Exercise inputs: Begin

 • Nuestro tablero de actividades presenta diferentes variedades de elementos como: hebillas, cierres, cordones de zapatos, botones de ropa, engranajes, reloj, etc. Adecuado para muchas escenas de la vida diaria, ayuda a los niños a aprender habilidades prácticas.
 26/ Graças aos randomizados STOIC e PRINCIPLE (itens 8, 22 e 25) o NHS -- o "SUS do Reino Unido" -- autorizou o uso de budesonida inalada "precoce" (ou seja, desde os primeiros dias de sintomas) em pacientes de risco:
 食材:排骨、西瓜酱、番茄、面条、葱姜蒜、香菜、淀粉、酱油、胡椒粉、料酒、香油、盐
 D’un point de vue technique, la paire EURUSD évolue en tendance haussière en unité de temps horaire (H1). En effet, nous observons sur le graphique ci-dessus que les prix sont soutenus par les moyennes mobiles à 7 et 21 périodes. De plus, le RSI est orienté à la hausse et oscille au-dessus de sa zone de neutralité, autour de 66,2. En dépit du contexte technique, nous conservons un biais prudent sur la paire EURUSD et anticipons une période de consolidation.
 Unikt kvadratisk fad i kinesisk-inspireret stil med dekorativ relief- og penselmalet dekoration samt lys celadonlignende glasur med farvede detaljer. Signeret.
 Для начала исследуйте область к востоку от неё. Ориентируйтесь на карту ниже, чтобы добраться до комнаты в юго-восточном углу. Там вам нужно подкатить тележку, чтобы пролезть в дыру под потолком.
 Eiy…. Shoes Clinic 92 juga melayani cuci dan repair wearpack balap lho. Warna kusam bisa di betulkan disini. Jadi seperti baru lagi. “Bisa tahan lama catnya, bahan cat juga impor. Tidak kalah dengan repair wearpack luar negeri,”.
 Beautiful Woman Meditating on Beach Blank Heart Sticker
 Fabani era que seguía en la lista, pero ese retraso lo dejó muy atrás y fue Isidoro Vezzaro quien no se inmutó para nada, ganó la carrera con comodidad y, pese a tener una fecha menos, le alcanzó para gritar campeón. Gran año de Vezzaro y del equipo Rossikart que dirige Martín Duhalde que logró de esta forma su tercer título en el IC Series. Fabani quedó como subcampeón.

Exercise inputs: End

[Exercise goal] The response should be every record above restated exactly.

[Written response]
 • Nuestro tablero de actividades presenta diferentes variedades de elementos como: hebillas, cierres, cordones de zapatos, botones de ropa, engranajes, reloj, etc. Adecuado para muchas escenas de la vida diaria, ayuda a los niños a aprender habilidades prácticas.
 26/ Graças aos randomizados STOIC e PRINCIPLE (itens 8, 22 e 25) o NHS -- o "SUS do Reino Unido" -- autorizou o uso de budesonida inalada "precoce" (ou seja, desde os primeiros dias de sintomas) em pacientes de risco:
 食材:排骨、西瓜酱、番茄、面条、葱姜蒜、香菜、淀粉、酱油、胡椒粉、料酒、香油、盐
 D’un point de vue technique, la paire EURUSD évolue en tendance haussière en unité de temps horaire (H1). En effet, nous observons sur le graphique ci-dessus que les prix sont soutenus par les moyennes mobiles à 7 et 21 périodes. De plus, le RSI est orienté à la hausse et oscille au-dessus de sa zone de neutralité, autour de 66,2. En dépit du contexte technique, nous conservons un biais prudent sur la paire EURUSD et anticipons une période de consolidation.
 Unikt kvadratisk fad i kinesisk-inspireret stil med dekorativ relief- og penselmalet dekoration samt lys celadonlignende glasur med farvede detaljer. Signeret.
 Для начала исследуйте область к востоку от неё. Ориентируйтесь на карту ниже, чтобы добраться до комнаты в юго-восточном углу. Там вам нужно подкатить тележку, чтобы пролезть в дыру под потолком.
 Eiy…. Shoes Clinic 92 juga melayani cuci dan repair wearpack balap lho. Warna kusam bisa di betulkan disini. Jadi seperti baru lagi. “Bisa tahan lama catnya, bahan cat juga impor. Tidak kalah dengan repair wearpack luar negeri,”.
 Beautiful Woman Meditating on Beach Blank Heart Sticker
 Fabani era que seguía en la lista, pero ese retraso lo dejó muy atrás y fue Isidoro Vezzaro quien no se inmutó para nada, ganó la carrera con comodidad y, pese a tener una fecha menos, le alcanzó para gritar campeón. Gran año de Vezzaro y del equipo Rossikart que dirige Martín Duhalde que logró de esta forma su tercer título en el IC Series. Fabani quedó como subcampeón.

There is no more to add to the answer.